Comments and remarks:

1) The "Discussion" part of the manuscript is rather small. Authors should add information on structure-activity relationships and possible reasons for obtained results.

2) What is the mechanism of biological activity of the obtained compound against bacteria and fungi? How can the authors confirm it?

3) How can the authors explain the results "the R-isomers was more potent than the corresponding S-isomers against fungi"?

4) The study does not assess the impact of test compounds on normal cells or RBC assay.

5) I recommend the authors to make a separate section "Conclusions".
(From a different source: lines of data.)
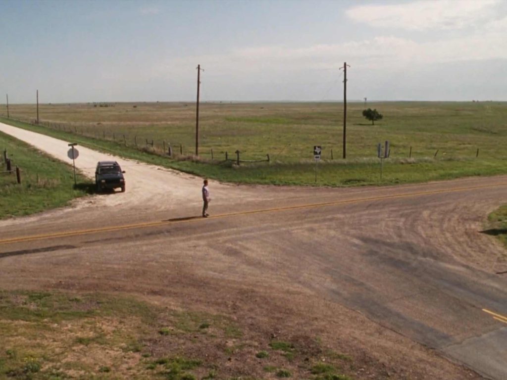 Chuck se debate hacia dónde ir, parándose en medio de una cruz formada por los caminos, y la película cierra con su mirada dirigida hacia el coche que manejaba la mujer y con una leve sonrisa de decisión tomada termina la historia.
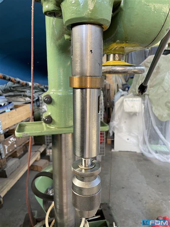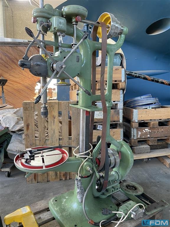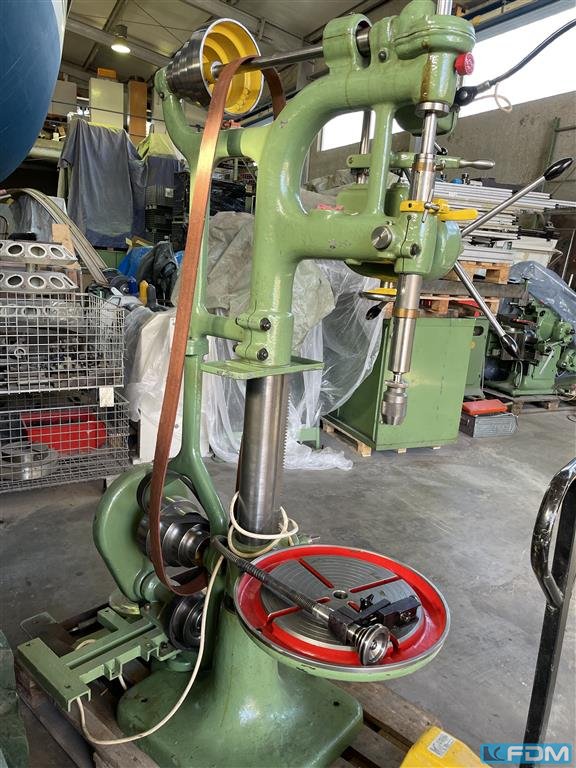bore capacity in steel (diameter):12 mmthroat:300 mmbore stroke:80 mmtotal power requirement:1,5 kWweight of the machine ca.:1,2 tdimensions of the machine ca.:0,6 x 0,7 x 2,1 mAppr. 100 year old column boring machine, complete overhould and ready to operate- swivel table, base table- taper tool chuck- base motor with drive belt to overhead spindle
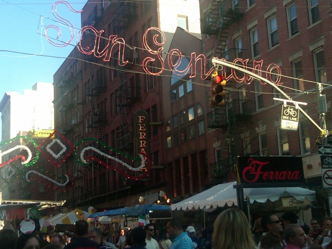 …and by that title to this post I mean the Feast of San Gennaro! Went for the first time this weekend; so fun, ridiculously cluttered, but saw everything I HAD to see to get a full grasp of this festival. Everything from horrible slushy “alcoholic” (maybe-not) drinks and AH MAY ZING food, to italian juiceheads (HOT) with their wives and kids, and tons of NYPD flirting with girls and NOT patrolling the streets- or is it one in the same? For those who don’t know:
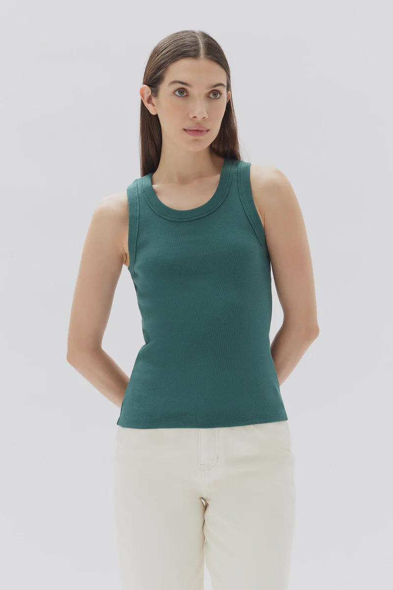 Assembly Label, Miana Rib Tank Lagoon. The Miana Organic Rib Tank is a basic everyday essential with a premium feel. This tank top is made from organic cotton with a soft ribbed finish and a hint of elastane that creates a stretchy fit. Its designed to sit close to the body, which makes this cotton tank versatile and easy to layer.
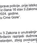 - To nije po zakonu i u duhu zakonskih odredbi koje propisuju ovu materiju. U slučaju prestanka mandata direktoru policije, ministar unutrašnjih poslova je dužan da predlaži osobu za vršioca dužnosti koja na toj poziciji može biti u periodu od šest mjeseci –kaže Radulović.
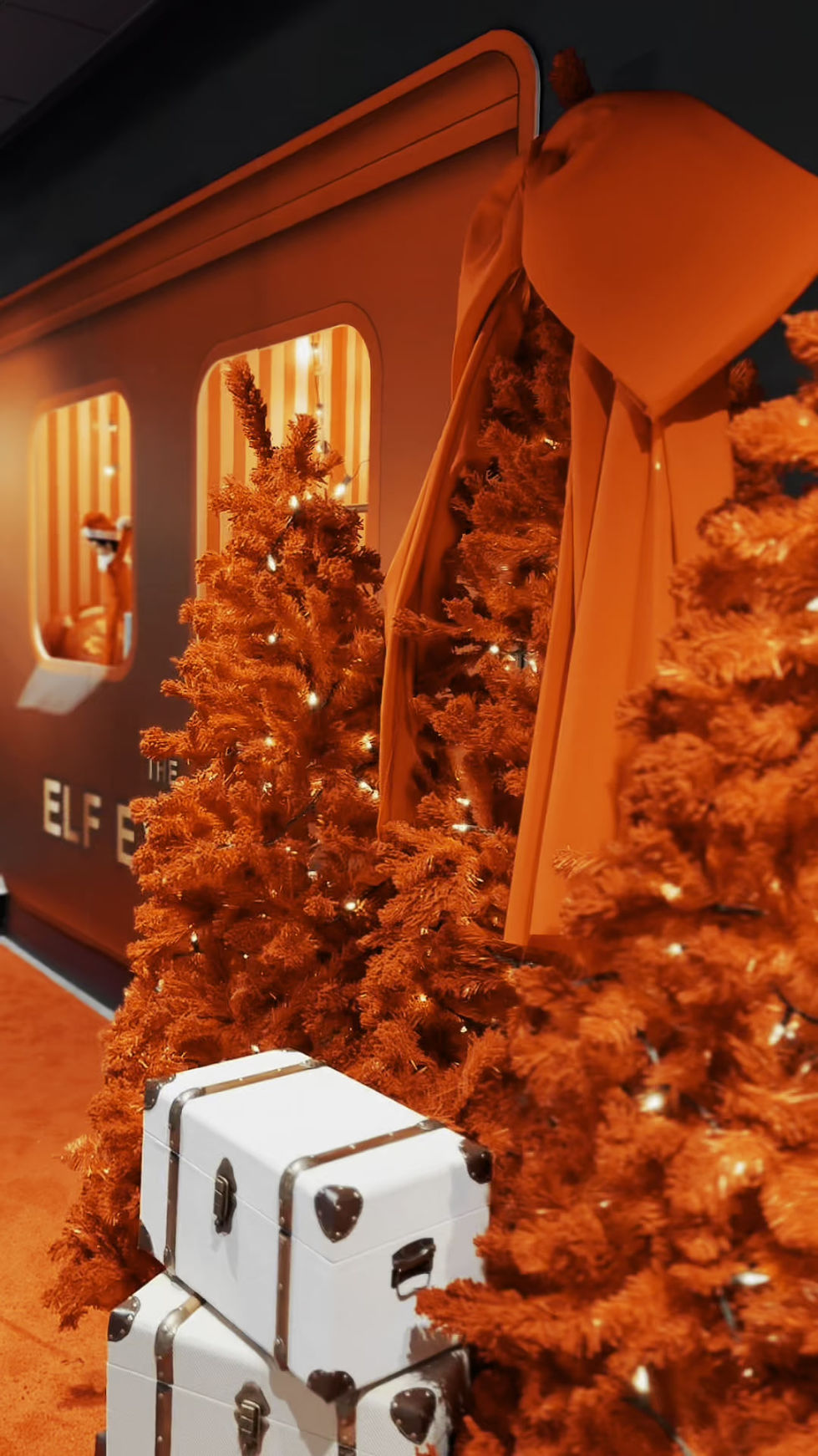 Designed exclusively for The Summit Birmingham’s annual Christmas celebration, The Elf Express is an immersive holiday photo op that brings the North Pole to life. Guests are welcomed by a vibrant train facade decked out in festive red, complete with glowing windows, playful elves, and snowy footprints leading the way. Inside, cozy scenes await—plaid-wrapped presents, golden cocoa pots, lush wreaths, and twinkling trees surround a warm leather sofa that feels like Santa’s personal lounge.
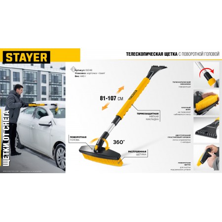 Многофункциональная телескопическая щетка со скребком от снега и льда
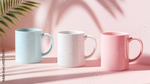Pastel background, coffee mug mockup with an angled view, soft shadow, and glossy finish, large area for custom design, and simple modern look.
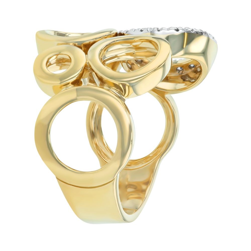 14K yellow gold geometric ring set with 0.25 carat round brilliant diamonds in circles design.
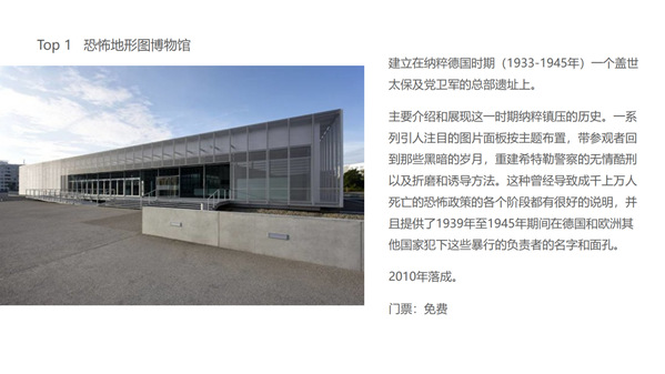 排名第一的恐怖地形图博物馆建立在纳粹德国时期(1933-1945年)一个盖世太保及党卫军的总部遗址上,主要介绍和展现这一时期纳粹镇压的历史。
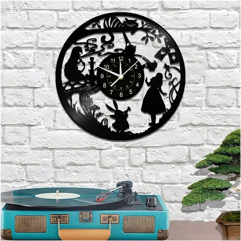 爱丽丝黑胶唱片挂钟,跨境时钟复古静音壁挂式日历原创客厅装饰
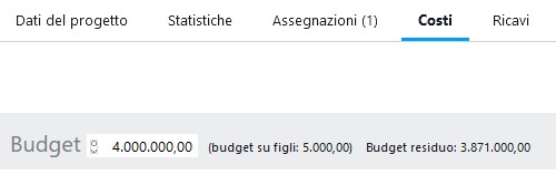 Per meglio orientarsi nella gestione finanziaria, Twproject mostra per ogni nodo il budget destinato a tutte le sue eventuali sotto-fasi, oltre al residuo ancora utilizzabile (valore dato dal budget sulla fase cui vengono sottratti quanto assegnato alle sotto-fasi ed i costi della fase stessa).
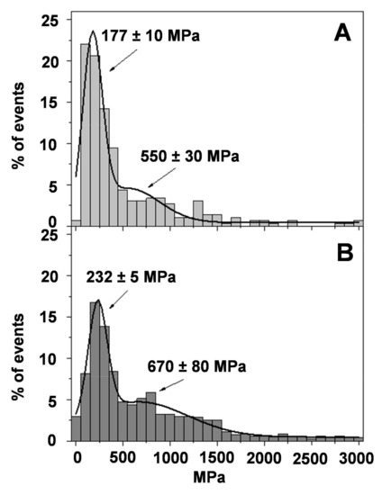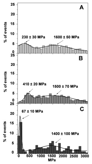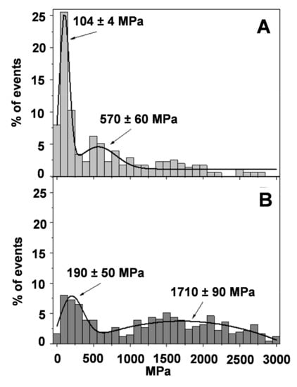 On the contrary, when the rat skin is damaged (Figure 7B), the maximum observed in the natural skin has almost vanished together with a shift towards higher values (190 MPa). The second peak in Figure 7B is also shifted toward higher Young’s modulus values and spread in a wider range of values. Although it is difficult to attribute the peak, the mathematical fitting of the data to a normal distribution centers the peak at 1700 MPa.
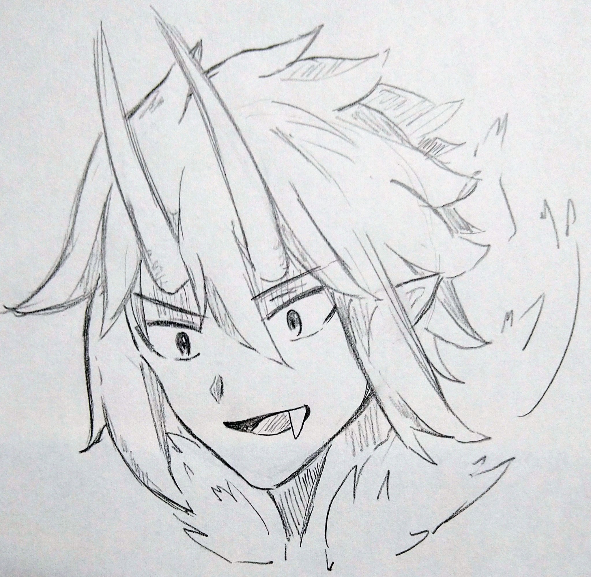 こんばんは!ユウキです!名前が漢字なのややこしいのでカタカナにします笑今回はファンアート3人目!雷鬼のライキです!普段はツノはしまっていて戦闘の時のみ生えるエネルギー系の特殊なツノです!相棒のエレクトロンという金棒を使います〜バインド状態にする変化技や、地面を叩き割って雷を起こす技など…料理が得意でパーティーメンバーの唯一の料理人です!一度彼の料理を食べると病みつきになるんだとか…
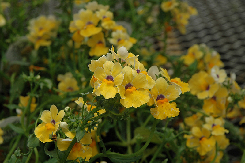 Juicy Fruits Papaya Nemesia features dainty spikes of lightly-scented gold pea-like flowers with purple eyes and orange centers at the ends of the stems from late spring to late summer. Its small pointy leaves remain green in colour throughout the season.
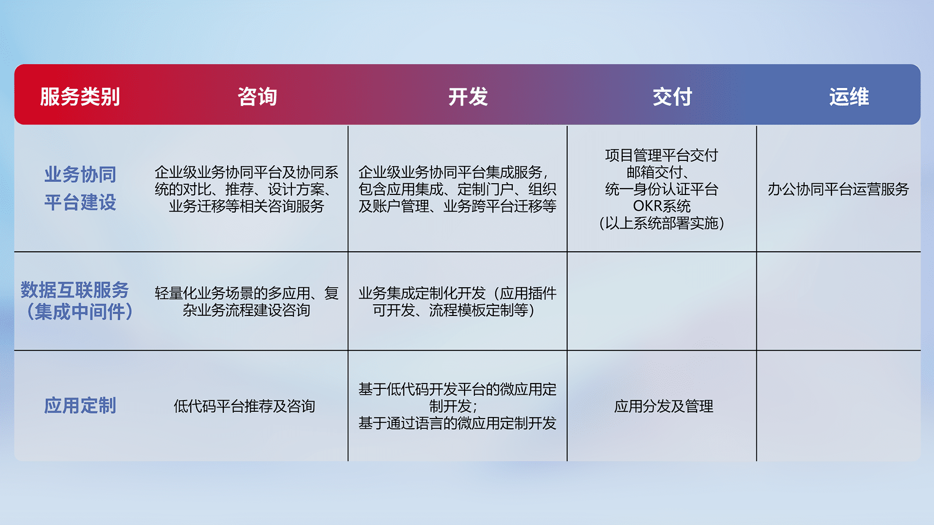 针对钉钉、、、、企微、、、、IDaas等平台级产品提供产品的规划、、、、方案、、、、交付、、、定制化开发等服务,,,实现如统一协同办公、、、智能客户服务、、、混合会议管理、、、、智能数据查询、、等业务场景,,,实现数字化转型。。。。
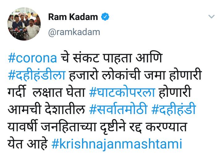 राम कदम यांनी आपल्या ट्विट मध्ये म्हटले की, कोरोनाचे संकट पाहता आणि दहीहंडीला हजारो लोकांची जमा होणारी गर्दी लक्षात घेता घाटकोपरला होणारी आमची देशातील सर्वात मोठी दहीहंडी यावर्षी जनहिताच्या दृष्टीने रद्द करण्यात येत आहे.

6) There are typos and inconvenient expressions in the text of the manuscript. Please check again.

Author Response

Dear reviewer,

Please see the attachment with the detailed answer!

Sincerely Yours

Zsolt Szakonyi (corresponding author)

Author Response File: Author Response.pdf

Round 2

Reviewer 1 Report

I really appreciate the efforts that the authors put to improve the manuscript. Thanks!

I think the manuscript has been significantly improved and accordingly I would recommend the publication of this interesting study in the present form.

Reviewer 2 Report

The authors have improved the manuscript. Recommended changes have been added.